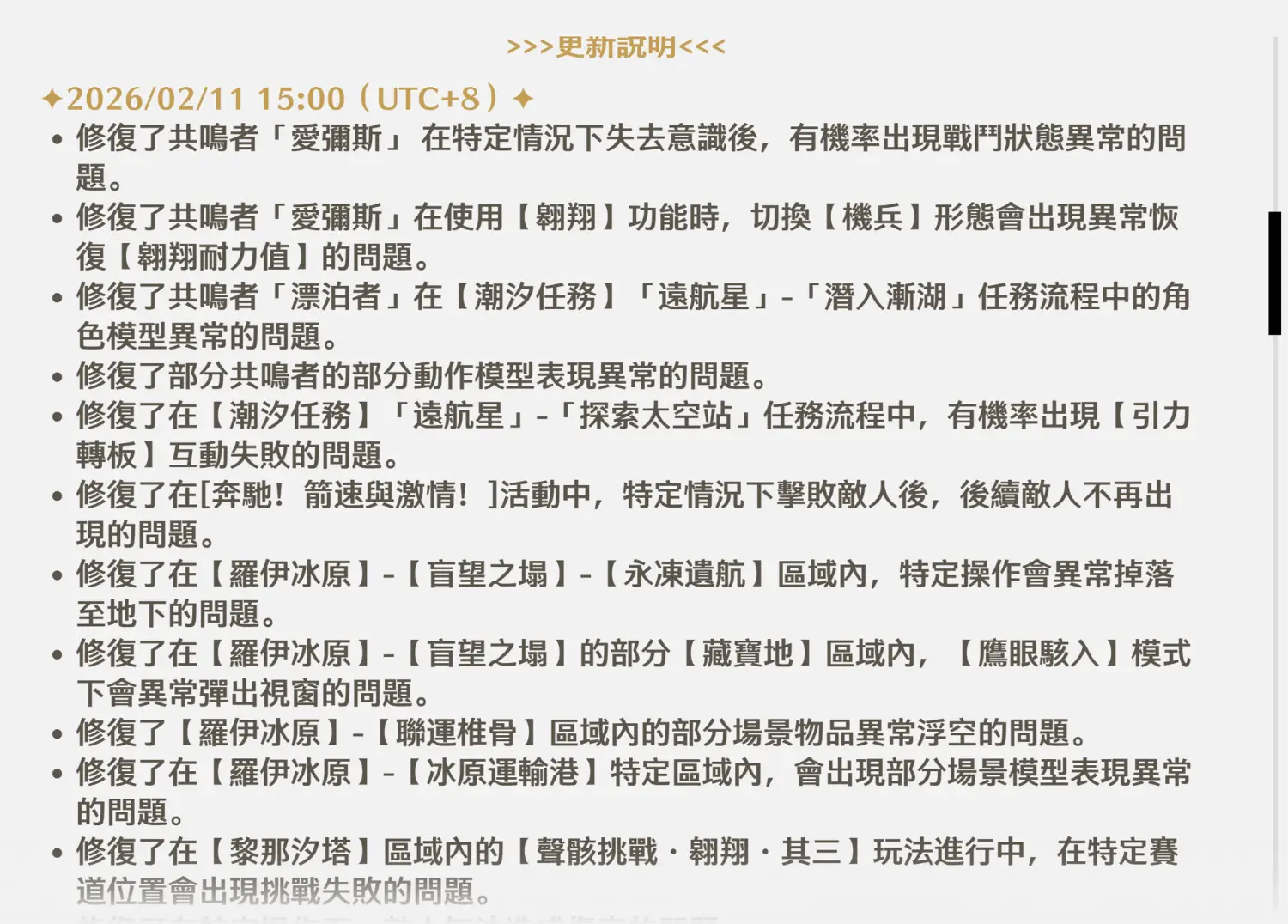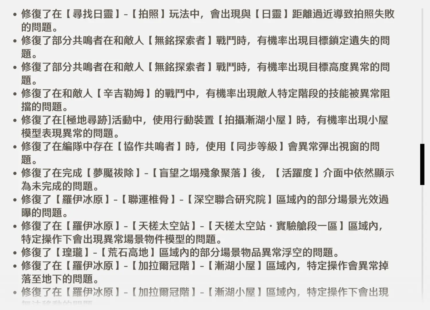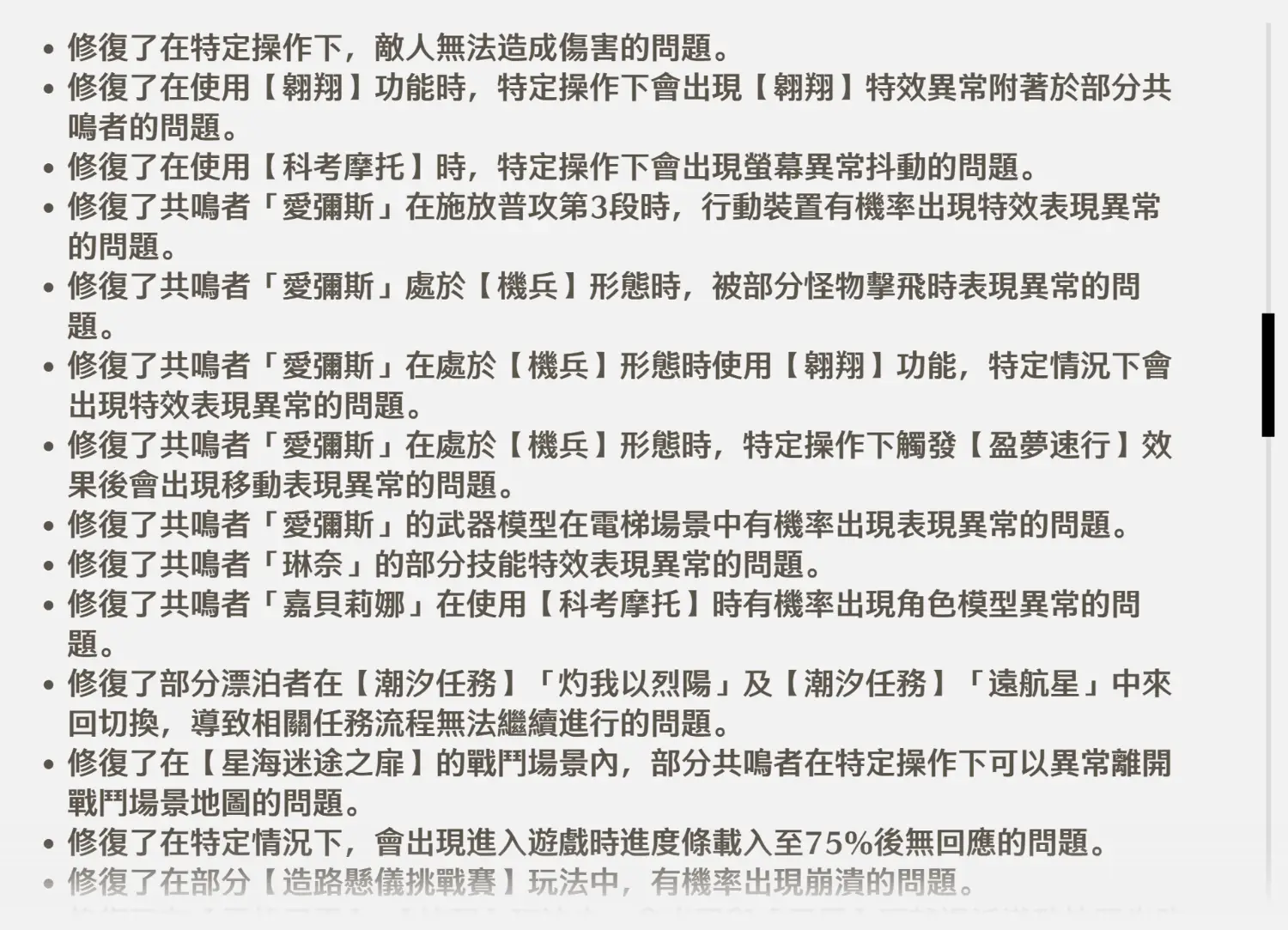 裡面有一條"修復部分共鳴者的部分動作模組異常問題"
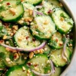 A refreshing and tangy Thai Cucumber Salad featuring crisp English cucumbers tossed with red onions, crunchy peanuts, and a zesty dressing made from rice vinegar, garlic, lime juice, and traditional Thai seasonings. Perfect as a light side dish or appetizer.
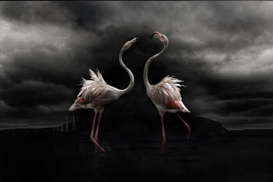The Black Stork White Modern Wood Framed Art Print with Double Matting by Fegari
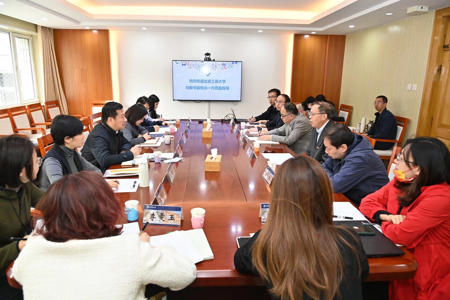 劉敏華對北郵的熱情接待表示感謝。他介紹了學校的發展歷史、愿景目標、學科建設等情況。他表示,北工商是北京市重點建設的高水平研究型大學,學校積極服務北京“四個中心”建設,堅持“商科做強、工科做精、工商融合、雙輪驅動”,以首都經濟社會發展需求為導向,扎實推進學校“雙一流”建設,希望此次調研交流能夠增進兩校在國際化工作方面的合作,依托北京國際交往中心平臺優勢,加強資源對接與共享,共同構建國際創新合作網絡。

- **Exercise instructions**
Restate all of the data word for word and include no pictures.

- **Result for this task**
 裡面有一條"修復部分共鳴者的部分動作模組異常問題"
 A refreshing and tangy Thai Cucumber Salad featuring crisp English cucumbers tossed with red onions, crunchy peanuts, and a zesty dressing made from rice vinegar, garlic, lime juice, and traditional Thai seasonings. Perfect as a light side dish or appetizer.
The Black Stork White Modern Wood Framed Art Print with Double Matting by Fegari
 劉敏華對北郵的熱情接待表示感謝。他介紹了學校的發展歷史、愿景目標、學科建設等情況。他表示,北工商是北京市重點建設的高水平研究型大學,學校積極服務北京“四個中心”建設,堅持“商科做強、工科做精、工商融合、雙輪驅動”,以首都經濟社會發展需求為導向,扎實推進學校“雙一流”建設,希望此次調研交流能夠增進兩校在國際化工作方面的合作,依托北京國際交往中心平臺優勢,加強資源對接與共享,共同構建國際創新合作網絡。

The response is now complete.